Today, the most commonly employed methods for sterilization are: steam, ethylene oxide (EO), and gamma radiation. These methods have served the market well for many years, but as drugs and delivery devices have advanced, some limitations have become apparent. Sterilization with traditional methods often requires exposure to elevated temperatures or damaging radiation, which may lead to degradation of the drug product or container closure materials. Additional concerns include leaching of sterilant residuals from the stopper, the duration of the process, and the costs of sterilization.

Nitrogen dioxide (NO2) is a well-documented and researched gas. Sterilization with NO2 gas can provide a solution to some of the limitations presented by existing options. It can also provide the process flexibility to manufacturers that will support continued innovation and growth in the prefilled syringe market. Noxilizer, Inc. designed the Noxilizer RTS 360TM Industrial NO2 Sterilizer that provides surface sterilization of prefilled syringes with a range of material compatibility and low levels of residuals using its rapid, room-temperature process.


Sterilization of prefilled syringes today is predominantly accomplished using steam, EO, or gamma radiation. While these methods are well established, their limitations could impede innovation and progress in the pharmaceutical and biotechnology industries. More than 60% of new drug products being developed today are biologics, such as protein therapies.1 This rapid rise in biological drug development is expanding the market for new sterilization technologies that can overcome the limitations of current methods.

No single sterilization method will be compatible with every product on the market. Steam sterilization has been around for more than a century and is well understood in both industrial and hospital settings. EO has a long track record with the broadest material compatibility, and gamma radiation offers a low-temperature option. Each of these methods has specific weaknesses with respect to sterilization of prefilled syringes. These weaknesses, discussed further, were the driving force behind the development of NO2 sterilization.
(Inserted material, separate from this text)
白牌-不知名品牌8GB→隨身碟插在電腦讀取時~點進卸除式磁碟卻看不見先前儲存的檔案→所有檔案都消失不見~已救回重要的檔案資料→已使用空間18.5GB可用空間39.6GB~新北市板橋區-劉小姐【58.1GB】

At present, steam sterilization is the primary method employed for sterilization of glass prefilled syringes containing heat-stable products, such as saline. However, because it involves both very high temperature, typically 121°C, and pressure, it is not well suited to sensitive biologics and drugs. Further, more and more companies are looking to alternative plastic materials, like cyclic olefin copolymers (COCs), and fluoropolymer coatings to minimize any leaching or particulate interaction with the solubilized drug and patient.2 Most of these new plastic materials cannot be exposed to high temperatures without experiencing degradation.

EO sterilization presents an alternative to steam sterilization for the external surfaces of prefilled syringes. However, EO also presents its own challenges. Although EO does not use the high temperatures of steam sterilization, it still requires temperatures in the range of 40°C to 60°C, and a relatively deep vacuum in order to achieve sterility. This can have an adverse effect on temperature-labile products, and the vacuum can cause unacceptable stopper movement due to pressure changes.
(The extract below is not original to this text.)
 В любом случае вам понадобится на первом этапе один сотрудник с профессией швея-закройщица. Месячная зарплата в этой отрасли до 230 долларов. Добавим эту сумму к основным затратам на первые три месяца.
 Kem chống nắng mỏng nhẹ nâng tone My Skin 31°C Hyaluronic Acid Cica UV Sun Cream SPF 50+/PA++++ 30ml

Drug manufacturers and researchers have long expressed concerns over the carcinogenic nature of residuals from the EO sterilization process.3 The EO process can require lengthy aeration phases (9 to 17 days), often at elevated temperatures, to remove residuals from plastic syringes.4 The lengthy aerations may compromise drug integrity or manufacturing efficiency. Another issue with EO is sterilant ingress, the diffusion of the sterilant past the container closure system into the product itself, which can lead to unacceptable levels of residuals within the drug product causing modifications to chemical structure and product activity.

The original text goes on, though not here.